My husband is not a great fan of other people, writes Ellen Widdup.

He won’t mind me saying so – in fact his intolerance is so severe I sometimes wonder how he copes with a wife and three kids.

“Hell is other people,” he often whispers if someone annoys him, quoting one of his heroes and fellow miserable git Jean-Paul Sartre.

But he loves animals.

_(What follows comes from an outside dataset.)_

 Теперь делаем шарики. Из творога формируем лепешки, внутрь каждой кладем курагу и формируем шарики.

His best friend is the dog, he swerves to avoid rabbits and believes any form of blood sport is barbaric.

He thinks zoos should be banned, has very strong views on abattoirs and has been known to swear at strangers wearing fur.

It is all the more shocking therefore that in the past week he has turned into a blood-thirsty mad man in pursuit of a trophy kill.

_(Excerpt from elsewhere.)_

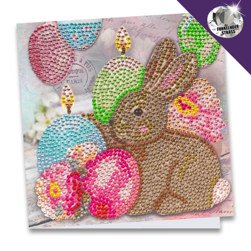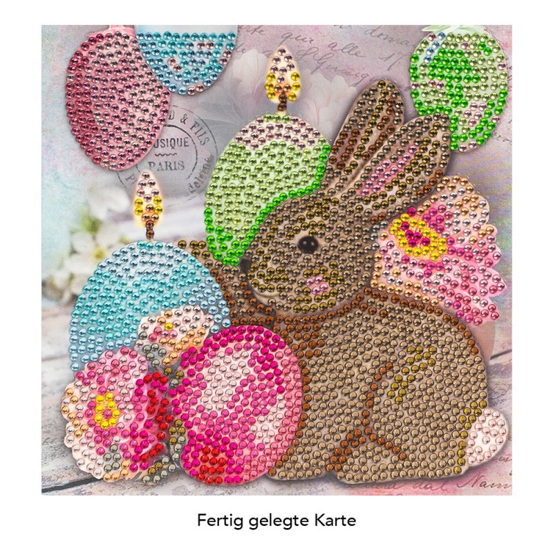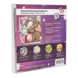 Kartka okolicznościowa z diamentowym malowaniem, Zajaczek 16cm x 16cm, 370g / m², w tym koperta i narzędzia

You see we have a little – well really rather big - friend living in our back garden.

A rat.

Now I grew up in London so I’ve seen a few rodents in my time.

I remember a time in the 90s when some tube stations were so infested, the rats became tame. Euston was notorious.

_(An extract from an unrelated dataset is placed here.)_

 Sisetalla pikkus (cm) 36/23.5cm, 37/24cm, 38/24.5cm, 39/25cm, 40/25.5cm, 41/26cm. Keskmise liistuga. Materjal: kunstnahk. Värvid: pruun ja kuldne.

But I have never met a specimen quite like this one.

The first time I saw him, I thought the dog had been left outside – he’s that large.

He saunters across the lawn from one hedgerow to the next, stopping for a quick scratch and a cursory nod in my general direction.

Our pooch loves chasing birds – but has never been fast enough to catch one.

But when I ushered him out, thinking he would enjoy the hunt for the rodent, he scratched frantically at the door to be let back in.

“We need to do something about the rat,” I said, after watching Ratty from the kitchen window as he cleaned his whiskers in the winter sun unperturbed.

“He’s not hurting anyone, is he?” my husband whined. “What’s the problem? The garden is his home too.”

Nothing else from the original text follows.